Meanwhile, there are plenty of methods to achieve multiply-and-accumulate operations parallelism, one of the most renowned techniques is the systolic array [2] and is utilized by the proposed TSP. It is not a new concept. Systolic architectures were first proposed back in the late 1970s [2] and have become widely popularized since powering the hardware DeepMind [4] used for the AlphaGo system to defeat Lee Sedol, the world champion of the board game Go in 2015.

Technical Correctness & Reproducibility

In this part, the experimental parts will be analyzed in detail. As I have mentioned above, the paper implements ResNet50 only. It can be seen in SECTION.IV, the authors define an objective first, which aims at maximizing functional slice utilization and minimizing latency. That is to say, the TSP is supposed to take advantage of streaming operands into the vector and matrix execution modules as much as possible. Then, a detailed resource bottlenecks analysis is given to construct a feasible optimization model. It is worth mentioning that the paper provides readers with quantization and the results of model accuracy in SECTION.D.

The results in this paper are encouraging at first glance and the authors claim a fairly staggering performance increase. However, the primary test case is just ResNet50 which cannot convince readers and users. As far as I’m concerned, the work should demonstrate and compare more applications with deep learning models. Only in this way can we truly accept the model proposed by the paper technically.

From the discussion part in SECTION.V, I find that their initial implementation of ResNet50 was a proof-point and reference model for compiler validation, performing an inference query of the ResNet50 model in < 43μs, yielding a throughput of 20.4K images per second with each image sample being a separate query. In another word, the batch size in this case is 1. Though the work does specifically call this a “Streaming Processor” in the whole story, I’m not sure that using anything besides a batch size of 1 for inference is entirely fair, but perhaps I’m misunderstanding what they mean by streaming.
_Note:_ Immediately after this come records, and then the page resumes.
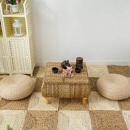 Small Coffee Table With Storage Bamboo And Rattan Tatami Platform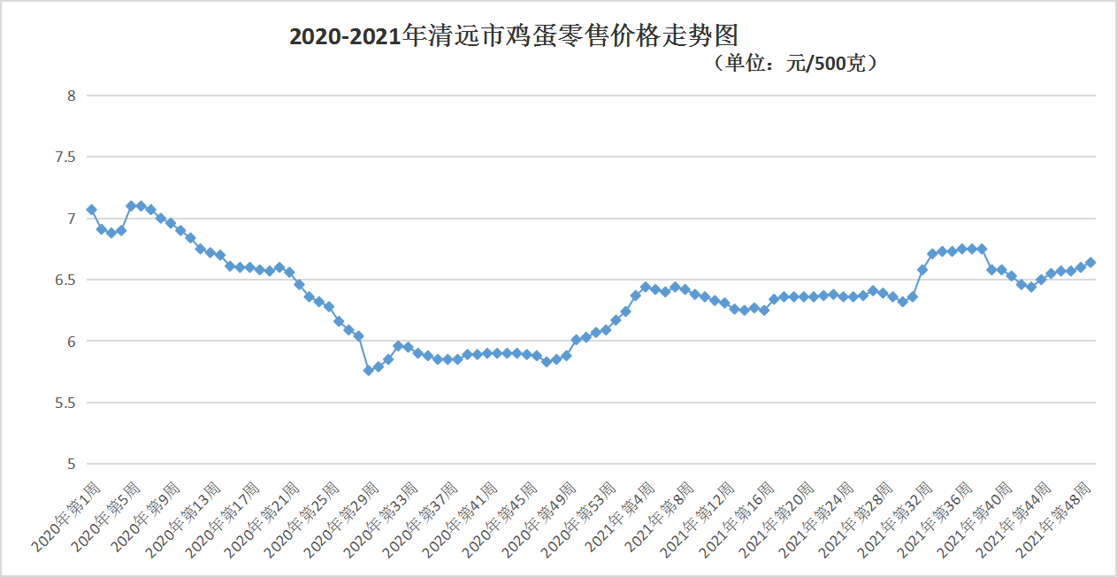 雞蛋價格6.64元/500克,較上周升0.61%;鴨蛋維持8.18元/500克。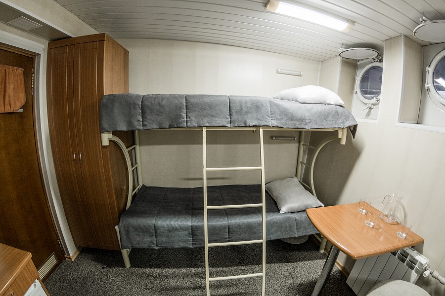 Нижняя палуба | А2н К категории А2н относятся каюты: 107–110. Двухместная двухъярусная каюта со всеми удобствами, расположенная на нижней палубе. Площадь каюты от 11,2 до 12 м². Возможно размещение третьего человека на дополнительном месте – спальное место верхнего расположения. Размещение ребенка до 5 лет без места и питания, при наличии свободного дополнительного места, производится только по согласованию с судоходной компанией. В каюте: две односпальные кровати и одно спальное место верхнего расположения, ванная комната (раковина, душевая кабина, туалет), шкаф, тумба, пуф, стол, кондиционер, холодильник, розетки 220 V, радио, телевизор с кабельным и спутниковым вещанием, фен, плед для каждого туриста, щетка для одежды, иллюминаторы. | 2-местное размещение | ✔ |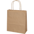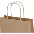 En stilren brun papirpose med tvinnede håndtak, laget av brunt kraftpapir. Med sine mindre mål er den perfekt som gavepose, goodie bag eller for mindre produkter i butikkmiljø.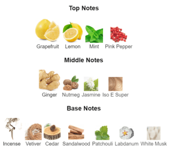 Amberwood ,Artemisia ,Bergamot ,Cedar ,Geranium ,Green Notes ,Iso E Super ,Lavender ,Lemon Zest Bitter ,Mint ,Pineapple ,Sandalwood ,Tonka Bean |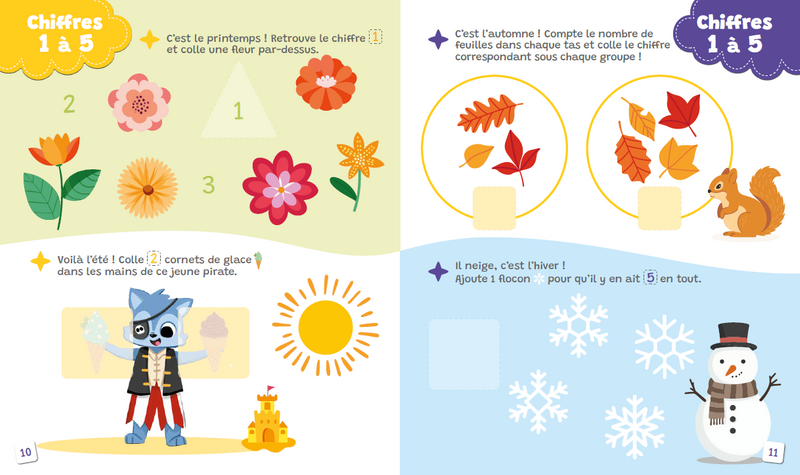 Avec ce joli cahier plein de couleurs, pars à la rencontre des chiffres ! Sur chaque page, colle les autocollants au bon endroit et réalise de petites activités ludiques pour reconnaître et apprendre les chiffres. Un premier pas tout en douceur vers le calcul, spécialement conçu pour les petites mains curieuses !

Furtherly, it is challenging to directly compare a GPU vs an ASIC style chip like this though. I would like to see more detailed performance comparisons vs something like Google’s TPU [5] since GPUs are throughput optimized.

Conclusions

In fact, Groq’s TSP architecture is driven by the widely-applied artificial intelligence, which can achieve computational flexibility and large-scale parallelism without the synchronization overhead of traditional GPU and CPU architecture. This provides an innovative example for the industry undoubtedly. Besides, the proposed TSP can support both traditional machine learning models and new machine learning models. It is also currently running on customer sites for x86 and non-x86 systems. At the same time, because the TSP is designed for applications in related fields such as computer vision and artificial intelligence, it frees up more silicon space dedicated to dynamic instruction execution. Last but not least, in terms of latency and inference performance, the proposed TSP is much faster than any other architecture on most tasks.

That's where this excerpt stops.